Ancient scribes may have banked on blinking binary

For the Egyptians, luck may have been written in the Demon Star

The blinking of a distant star may be chronicled in an ancient Egyptian calendar created more than 3,000 years ago to distinguish lucky days from unlucky ones.

Known today as the Demon Star, the three-star system Algol sparkles in the constellation Perseus, near the eye of Medusa’s severed head. Observers on Earth can see Algol twinkling when the two closest members of the system eclipse one another: Every 2.867 days, as the dimmer star crosses between Earth and the brighter star, the Demon Star’s light appears snuffed.

A repeating pattern of similar duration appears in the Cairo Calendar, a roll of papyrus dating to 1271 B.C. that characterizes each day as all good, all bad or a mix. The occurrence of all-good days matches Algol’s brightness fluctuations, researchers from the University of Helsinki report in a paper posted April 30 on arXiv.org.

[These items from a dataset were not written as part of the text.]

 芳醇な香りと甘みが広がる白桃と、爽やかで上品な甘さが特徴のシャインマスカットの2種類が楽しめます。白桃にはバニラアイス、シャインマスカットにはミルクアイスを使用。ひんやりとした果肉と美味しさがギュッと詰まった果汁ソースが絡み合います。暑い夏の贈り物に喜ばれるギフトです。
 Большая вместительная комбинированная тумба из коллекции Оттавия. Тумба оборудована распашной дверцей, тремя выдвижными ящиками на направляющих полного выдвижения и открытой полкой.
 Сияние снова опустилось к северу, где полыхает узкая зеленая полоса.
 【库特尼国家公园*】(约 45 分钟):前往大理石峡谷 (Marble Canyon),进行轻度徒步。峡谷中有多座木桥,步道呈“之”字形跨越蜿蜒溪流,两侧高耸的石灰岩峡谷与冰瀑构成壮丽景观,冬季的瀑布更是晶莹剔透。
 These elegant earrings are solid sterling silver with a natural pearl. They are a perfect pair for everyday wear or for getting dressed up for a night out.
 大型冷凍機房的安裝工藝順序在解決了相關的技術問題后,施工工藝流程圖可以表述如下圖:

“They seem to have established rather clearly that there is a periodicity,” astrophysicist Peter Eggleton of Lawrence Livermore National Laboratory in California, says of the team’s analysis of the calendar. “What they haven’t established to my mind is that it is most likely due to a variable star.”

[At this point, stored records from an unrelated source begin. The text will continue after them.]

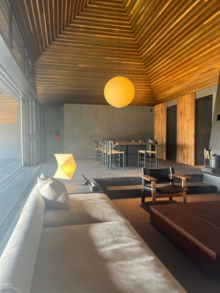 【NOT A HOTEL MINAKAMI「TOJI」】のヴィラの一番の見どころは、2階にあるリビングダイニングです。天井高6mもありながらインテリアは低めに設定されているので、かなりの開放感を感じられます。しかもリビングダイニングを囲むように天然温泉やインフィニティプール、サウナ、水風呂を配置しているのも特徴。二重ガラスの大きな扉を開けると外と内がシームレスになり、みなかみの雄大な自然を一望できるんです。伺ったのが4月末だったので、春の爽やかな風を感じられてすごく気持ちよかったです!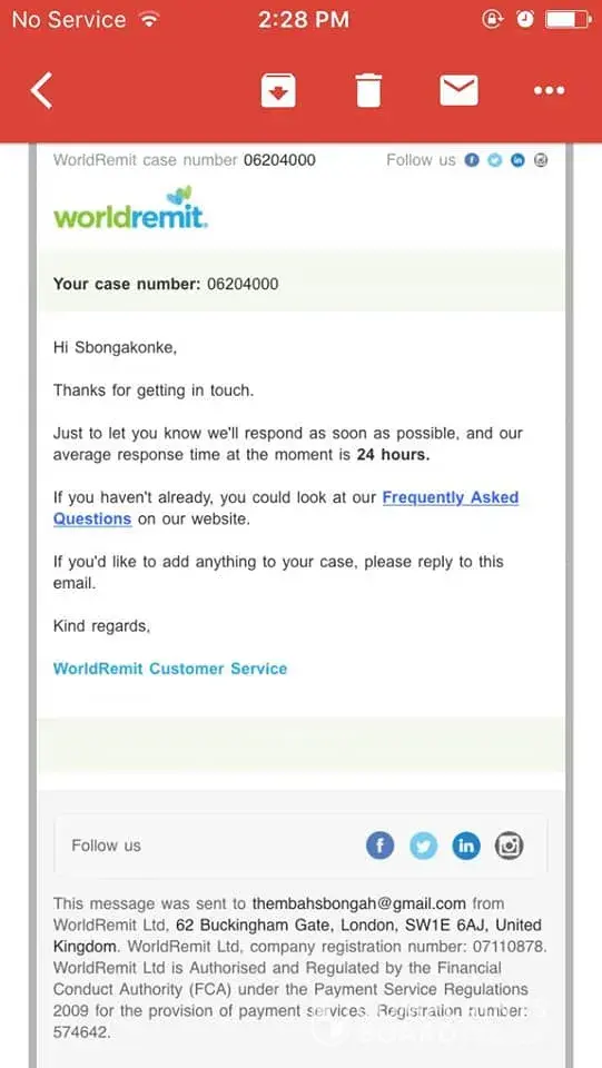 On monday june 11th, I still had not received a reply to either of my online enquiries. It was now one week since I had deposited my funds into world remit's account, and still there had been no change to the status of my transaction. I decided to cancel.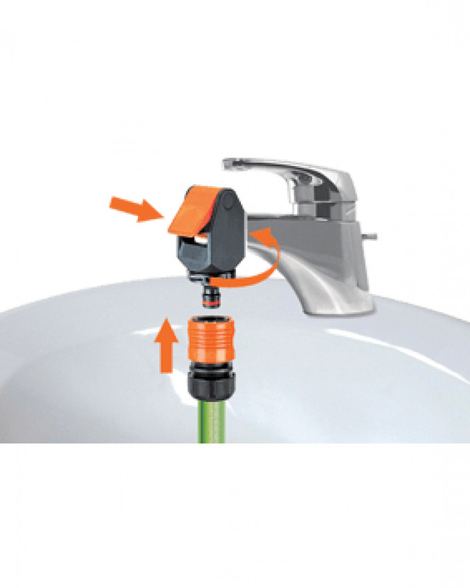 З'єднання Claber Koala для крана 3/4 дюйм має кубічну форму та використовується для забезпечення надійного, швидкого і зручного підключення шланга до звичайного єврозмішувач. Ця проста система дозволяє підключати до крана поливальний шланг, пральну або посудомийну машину. Процес підключення даного з'єднувача дуже простий: насадка одягається на змішувач, а шланг за допомогою перехідника з внутрішнім різьбленням діаметром 3/4 дюйма накручується на саму насадку.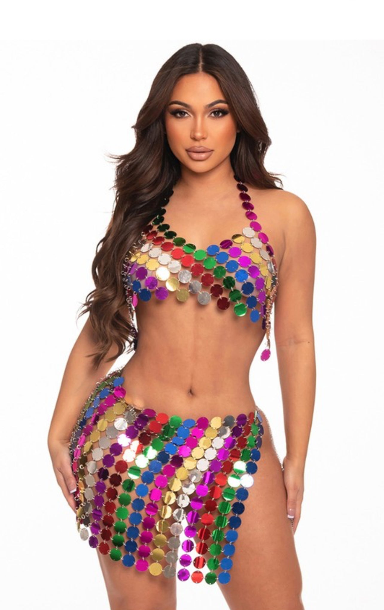 - Product design/details: sleeveless halter back multi-discs all over chain metallic skirt set

The calendar’s oscillation is a little faster than what astrophysicists observe when they look at Algol today — 2.850 days instead of 2.867 days. But that’s relatively easy to explain — for example, the spinning stars could have slowed down a bit over the past three millennia because of magnetic interactions, stellar winds, or mass exchange, Eggleton says.

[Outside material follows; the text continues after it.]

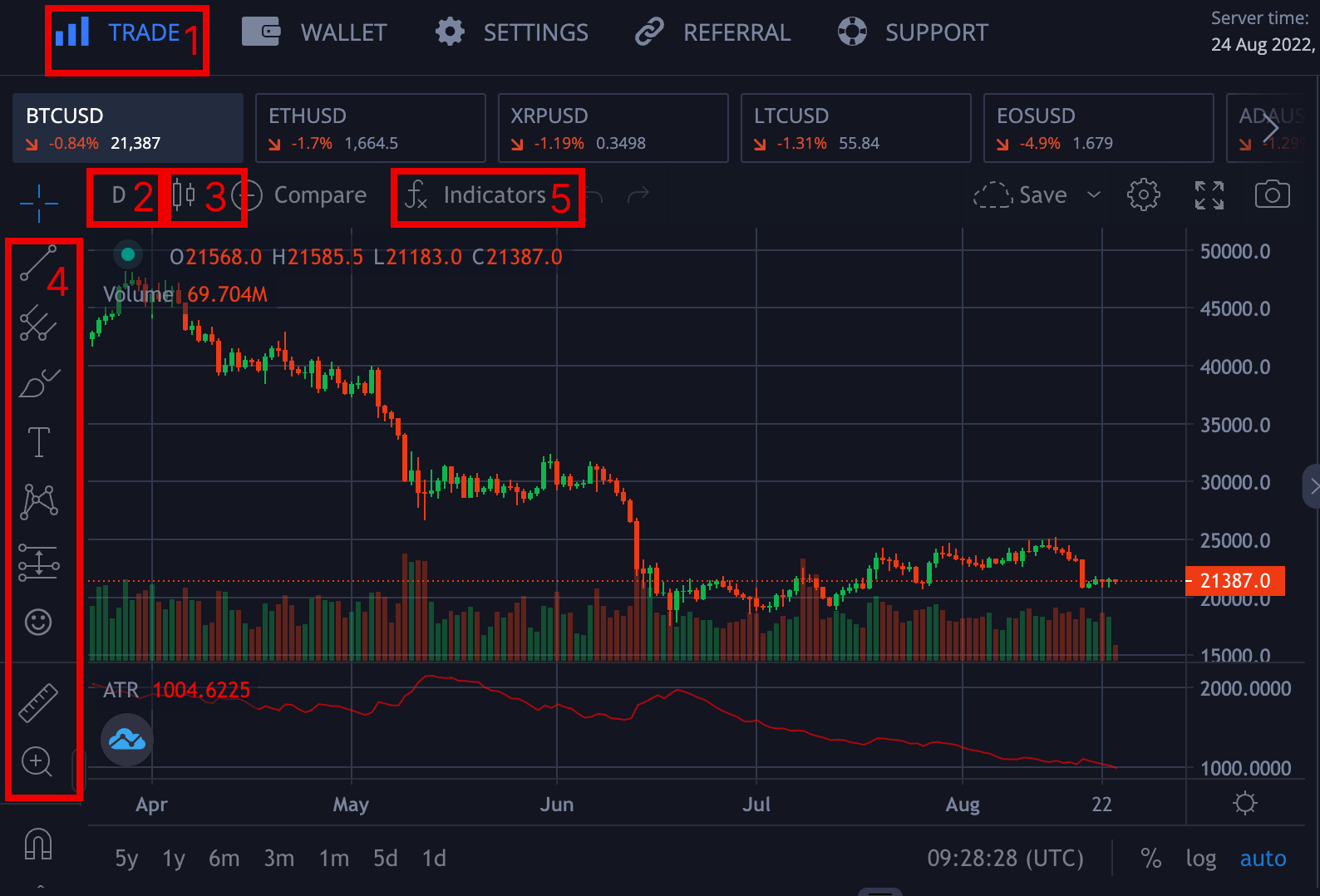 - Toolbar: The toolbar labeled four allows the trader to pick different technical tools for analysis ranging from trendlines, and horizontal lines, to drawing on the chart.

What’s lacking is any direct evidence that the Egyptians actually kept track of Algol’s twinkling while offering prognostications. 

“The lack of a firm connection to Algol makes it a bit of a leap for me,” says astronomer Bob Zavala of the U.S. Naval Observatory in Flagstaff, Ariz.

Pulling the pattern from the calendar required a feat of statistical endurance. Eventually, the researchers uncovered two oscillations: a 29.6-day cycle, and a 2.85-day cycle. “They’ve done a considerable amount of work, and quite detailed,” Zavala says.

The longer cycle is probably lunar. But at first, scientists weren’t sure what could have produced the shorter frequency.

They found their match in the General Catalogue of Variable Stars. “Nobody knew that there would be Algol in this data,” says astronomer and study coauthor Lauri Jetsu. “It was a surprise for us.”

Then, the team considered whether Algol would have been visible to ancient Egyptian scribes. Among other criteria, the scientists looked at the star’s brightness and position in the sky — and concluded that Algol’s winking would not only have been visible, but is also the only plausible source for the oscillation recorded in the calendar.

“We were initially skeptical about the result as well,” says study coauthor Sebastian Porceddu. But he points to evidence that the ancient Egyptians based festivals and calendars on mythologically important astronomical objects, and says the 2.850-day period is too significant to be accidental. “The scribes must have inserted it,” Porceddu says, noting that the team has a manuscript in preparation detailing these connections.